I personally think the author took a step in the right direction with the second version. The intention is good, but the execution is not quite there. Sometimes half an improvement leads to a worse situation.

One problem with the second version, as I see it, is that the if-statement doesn't scan properly. What is even? What is bigger than what? I would propose the following:

if (x.IsEven && x.IsBiggerThan(y))
{
	// Do something
}

Now the line reads more like a sentence in natural English. The implementation of IsEven and IsBiggerThan can be moved to extension methods. IsBiggerThan could be replaced by IsGreaterThan, which is the more commonly used mathematical term. So:

if (x.IsEven && x.IsGreaterThan(y))
{
	// Do something
}

Of course, the real question if we should be doing this refactoring in the first place. We have abstracted away the implementation of IsEven and IsGreaterThan, but abstractions are not free. You win something and you lose something when adding an abstraction. But do we win more than we lose?

In this particular case I would argue to just leave the original code intact. The x % 2 == 0 construct to determine evenness will be familiar to all but the most junior of programmers, and x > y will be obvious to anyone with even the most basic knowledge of math. So, we don't win much by this abstraction.

There are two other things that bother me about this code. The first is the use of the names x and y for the variables. The second one is that mysterious comment // Do something. Let's start with the variable names.

If this code is about positioning, or coordinates or some such, then x and y make sense. In most other domains, x and y are just placeholder names. This stems from mathematics where the first unknown is often simply named x, and the second one is named y, etc.

However, when programming, not naming your variables after what they represent is a missed opportunity to clarify the intent of the code.

The code was given without context or domain, so we can only guess what x and y represent, and what kind of business rule is behind the IsEven and IsGreaterThan-line.

A suggestion given by @AstridSawatzky on Twitter is that it represents a dice roll in a Dungeons and Dragons style game, where the roll is successful if the result is even and greater than a certain threshold. So, let's go with that. How can we express that idea in code?
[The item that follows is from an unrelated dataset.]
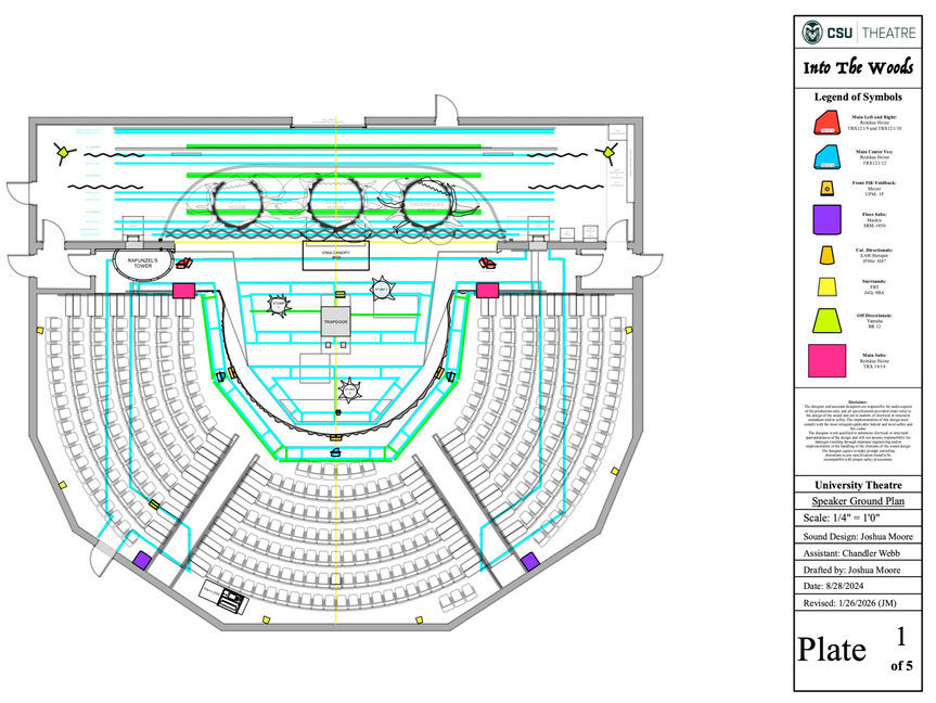 Our design mirrored the characters growth arcs by setting Act One in a lighthearted "Disney" style fairy tale forest. As the show progresses the woods become darker so we set Act Two in a dark woodland "Brothers Grimm" style fantasy. The Sound Design utilized highly stylized sound effects to emphasize the magic of the show and acted to balance the two acts by slowly introducing darker elements that make up Act 2 throughout the show. We placed subwoofers in the house to bring the Giants footsteps to the audience and utilized backstage fx speakers aimed into the walls to create a distant ambient sound for the forest.

if (diceTotal.IsEven && diceTotal.IsGreaterThan(threshold))
{
	// Do something
}

Now at least the variable names make more sense, and the code is becoming a lot expressive. Given the domain, the code becomes more readable, not just for programmers, but also for non-programming domain experts

Now for that // Do something. That seems to imply that some side effect is happening. Let's say something like:

if (diceTotal.IsEven && diceTotal.IsGreaterThan(threshold))
{
	Console.WriteLine("Attack was successful");
}

The problem with that code is that it is mixing domain logic with control flow logic and infrastructure logic. In the domain we should not care about Consoles and WriteLines (infrastructure), or even the particular if-statement (control flow).

Another way to put it is that it violates the CQRS principle (mixing command and query).

The domain code could look like this:

public bool IsSuccessFul(int diceTotal, int threshold) => diceTotal.IsEven && diceTotal.IsGreaterThan(threshold);

Now IsSuccessFul does not have any side-effects and can be tested easily. It's a pure domain concept, and the language used in the code reflects the language used in the domain.

When we learn more about the domain, we can determine where this function should be placed.

This article turned out as a bit of a brain dump. The main take aways, for me, are:

Abstractions are not free
Readability is in the eye of the beholder, especially when taken out of its (domain) context
Clarity of the code improves more objectively when the language used makes sense in the domain
Separating domain code from control flow code and infrastructural code improves clarity
Useful variable names go a long way towards making code more readable

-- Rene Wiersma